Marilyn Bianchi Kids’ Playwriting Festival encourages unfiltered imagination
For the readers who don’t know me, I am a huge theater geek. I love working on theatrical productions, from acting to directing and even working backstage or in the booth. However, one aspect that I always have issue with is playwriting. I truly love playwriting and well-written plays. I just find that I have little talent for it. It often seems to me that playwriting is the most difficult task to truly excel at. While directing, acting and designing certainly take skill, playwriting is something that takes time to cultivate, and requires an incredibly strong imagination.

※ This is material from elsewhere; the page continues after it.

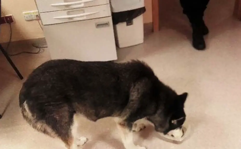 Z uwagi na duży ruch i panujący zmrok, a przede wszystkim związane z tym ryzyko potrącenia, policjanci zaopiekowali się psem. Radiowozem husky został przewieziony do strzeleckiej komendy. Tutaj mundurowi podzielili się z czworonogiem kanapką. Piesek dostał wodę.
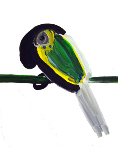 Next in our artwork of the week series, we bring you a painting by Lesley Nimmo. Budgie is from Lesley’s series of long-tailed tropical birds that appear to have come from an untouched tropical haven. Lesley creates her images from soft swathes of colour using a large paintbrush that solidifies the image against the white background, bringing it to life.

Marilyn Bianchi was an actress, director, educator and co-founder of Dobama Theatre. Although she passed from cancer in 1977, she used her last years to continue doing the work that she loved. She continued reaching out to students and schools in the Cleveland area, to help children discover their voice, and how theater can be useful to showcase their creativity. Two years after her death, her family and friends helped to establish the Marilyn Bianchi Kids’ Playwriting Festival, in order to continue her legacy of teaching the joys of live theater and celebrating young artists.
For the past 38 years, Dobama Theater has been accepting short, 10 to 15 page scripts from children throughout Cuyahoga County between the first and twelfth grades. After choosing a number of plays, the winners rehearse and perform the shows in the summer. This Dobama tradition, occurring since 1979, was the very first event of its kind, celebrating the imagination and art of young artists. This year’s winners were announced on April 1. The plays that were chosen this year are from children of varying ages and backgrounds, from the play, “Crazy, Lazy Zeus” by second grader August Malemud of Solon and “Amanda’s Escape” by third grader Ava Kaminski in University Heights, all the way to “I Spy”by 12th grader Gus Mahoney of Shaker Heights and “Morrison v. Danvers” by 12th grader Cleveland resident Yaire Rodriguez. For the full list of plays chosen and given distinctions, you can find it on the Marilyn Bianchi Kids’ Playwriting Festival’s Facebook page.
Encouragement of the arts is something that is sorely missed by many. It takes incredible amounts of imagination to make art. It is for this reason that theater done by kids is so astonishing. Children have near limitless amounts of imagination and passion. When a child creates art, what you see isn’t restrained or focused; it’s an insight into that child’s mind, a glimpse at unfiltered imagination: Something that creates much more interesting and fun art. It’s that sort of imagination and creativity that is at the center of the Marilyn Bianchi Kids’ Playwriting Festival. I believe that Marilyn Bianchi herself put it best: “In a world full of breaking things, we want to encourage you to make things.”
The play will be performed June 2-4 at Dobama Theatre. Tickets are $25.